Гильотина, как отдыхающая примадонна, возвышалась посреди комнаты под покрывалом.
— Прикрыться?
— А, местная шутка. Мы так кричим в Сент-Джордж, когда входим в темную к-комнату. М-да.
— Почему? — Харри приподнял покрывало и увидел гильотинный нож.
— Да так. Старая история. Случилась в семидесятые. Д-директором тогда был Альбер Моссо, бельгиец. Чересчур, п-пожалуй, энергичный, но нам он нравился — н-настоящий театрал, bless his soul. [86] Конечно, говорят, актеры — кутилы и б-бабники, и возможно, это так и есть. Я п-просто говорю, как оно было.
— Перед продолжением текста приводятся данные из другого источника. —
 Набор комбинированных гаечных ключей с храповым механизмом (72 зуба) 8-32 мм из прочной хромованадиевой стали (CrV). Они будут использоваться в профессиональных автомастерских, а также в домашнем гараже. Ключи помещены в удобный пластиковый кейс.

У нас тогда работал один известный и смазливый актер, н-не буду называть имени, т-так вот он был бабник еще тот. Женщины от него падали в обморок, а мужчины сгорали от ревности. Иногда мы устраивали в театре экскурсии. И как-то раз к нам пришли школьники. З-заходят они в реквизиторскую, экскурсовод включает свет, а эта свинья на диване «рококо» из «Стеклянного зверинца» Теннесси Уильямса наяривает б-буфетчицу.
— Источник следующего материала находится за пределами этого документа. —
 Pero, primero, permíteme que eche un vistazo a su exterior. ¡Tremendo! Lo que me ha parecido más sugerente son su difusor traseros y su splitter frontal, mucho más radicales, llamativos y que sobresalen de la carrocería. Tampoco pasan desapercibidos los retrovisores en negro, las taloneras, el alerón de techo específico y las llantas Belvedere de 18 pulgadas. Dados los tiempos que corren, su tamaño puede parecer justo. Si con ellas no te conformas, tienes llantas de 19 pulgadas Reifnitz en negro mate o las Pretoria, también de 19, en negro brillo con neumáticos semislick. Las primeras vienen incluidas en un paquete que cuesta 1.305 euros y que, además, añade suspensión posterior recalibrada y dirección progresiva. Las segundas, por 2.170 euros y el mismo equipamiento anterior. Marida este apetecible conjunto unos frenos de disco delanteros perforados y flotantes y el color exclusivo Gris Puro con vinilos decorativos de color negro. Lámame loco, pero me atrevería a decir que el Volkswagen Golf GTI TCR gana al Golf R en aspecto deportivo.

Конечно, экскурсовод мог спасти ситуацию, потому что тот известный актер — не буду называть имени — лежал к нему спиной. Но экскурсовод этот был сопляк, который сам мечтал когда-нибудь стать актером. И, как большинство театралов, был самонадеянным дураком. И поэтому, хотя видел он плохо, очков не носил. Короче, он не разглядел, что творится на диване «рококо», и думал, что все жаждут послушать его интересную л-лекцию. И когда он начал рассказывать о Теннесси Уильямсе, наш б-бабник выругался, но лица не показал. Только волосатую задницу. Но экскурсовод узнал г-голос и говорит: «Здесь сам Брюс Лизлингтон?» — Охранник закусил губу. — Ой.
85
Не сегодня, так завтра ( англ.).
86
Помяни, Господь, его душу ( англ.).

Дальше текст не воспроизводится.